The ARISE-SAI simulations show a projected decrease in temperature (statistically significant at 95% confidence level) during the MAM season of between 0.25°C and 1°C in parts of northern Kenya, southern portions of South Sudan, and the highland portions of Ethiopia; the rest of the region is projected to experience no change in temperature during the season. There is a projected increase in temperature of up to 0.5°C in most parts of Uganda, South Sudan, and central Sudan during the JJAS season; northern parts of Sudan are projected to experience an increase of up to 1°C. During the OND season, most parts of Sudan are projected to experience an increase in temperature of up to 0.5°C in the southern portions and up to 1.0°C in the northern parts. Annually, only the northern part of Sudan is projected to experience an increase in temperature of up to 0.5°C.
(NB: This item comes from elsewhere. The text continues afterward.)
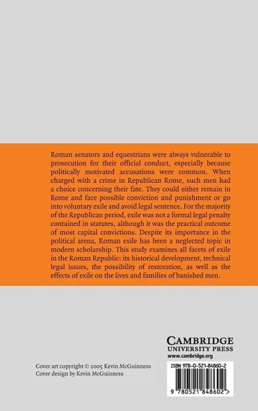 Roman senators and equestrians were always vulnerable to prosecution for their official conduct, especially since politically motivated accusations were common. When charged with a crime in Republican Rome, such men had a choice concerning their fate. They could either remain in Rome and face possible conviction and punishment, or go into voluntary exile and avoid legal sentence. For the majority of the Republican period, exile was not a formal legal penalty contained in statutes, although it was the practical outcome of most capital convictions. Despite its importance in the political arena, Roman exile has been a neglected topic in modern scholarship. This 2006 study examines all facets of exile in the Roman Republic: its historical development, technical legal issues, the possibility of restoration, as well as the effects of exile on the lives and families of banished men.

The results for the near-term future period (2035–2054) differ significantly in magnitude from those of the mid-term future. While the ARISE-SAI simulations do not fully offset the effects of climate change, they suggest that seasonal mean temperatures over the Greater Horn of Africa (GHA) may be effectively mitigated within this modelling scenario.

During the near term, ARISE-SAI projections indicate no temperature change in the MAM season compared to the baseline period. However, during JJAS, temperatures are projected to increase by up to 0.5°C over parts of northern Sudan and most of South Sudan. In OND, a similar temperature rise of approximately 0.5°C is expected over Sudan. On an annual timescale, temperature increases of up to 0.5°C are also projected over northern Sudan and southern Tanzania.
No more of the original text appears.